В музее он тоже быстро прижился. Как всегда, не особенно таился, но и напоказ себя не выставлял. Дело в том, что домовые избегают общения с людьми отнюдь не потому, что боятся или предрассудки какие имеют. Просто если нежить встречается с живым человеком, то жизненная сила, по закону сообщающихся сосудов, потечет туда, где пусто. Нормальные люди друг с другом обмениваются, так и существуют. А нежити отдать нечего. Потому, скажем, если живой человек в загробное царство попадет, как Орфей, он там недолго живым пробудет, это все равно что без скафандра в открытый космос выйти. Но домовые, они как кошки. То есть молока, шерсти и прочего с них не получишь, зато дом делают уютнее одним своим присутствием.
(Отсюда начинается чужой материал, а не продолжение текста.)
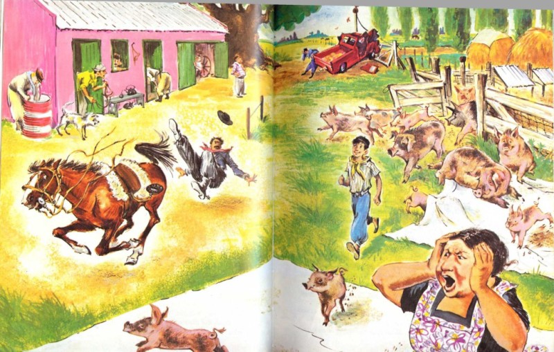 ¿Qué había sucedido? Nada más y nada menos que se había olvidado de cerrar la puerta del chiquero y los chanchos habían decidido entonces darse una vueltecita por la estancia.

Тут присмотрят, там подсобят, это и есть их плата за продление жизни. Едят они только для того, чтобы материальная оболочка жила. Здесь у них все, как у людей, на одной духовной пище не протянешь. Но лишний раз домовой на глаза людям показываться не станет, совесть поимеет, даром что нежить. Помнят, что и в них осталось что-то человеческое. Евграфыча же к людям тянуло, хотя и он палку не перегибал, все-таки служивый, а не энергетический вампир какой-нибудь. Как говорится, солдат ребенка не обидит.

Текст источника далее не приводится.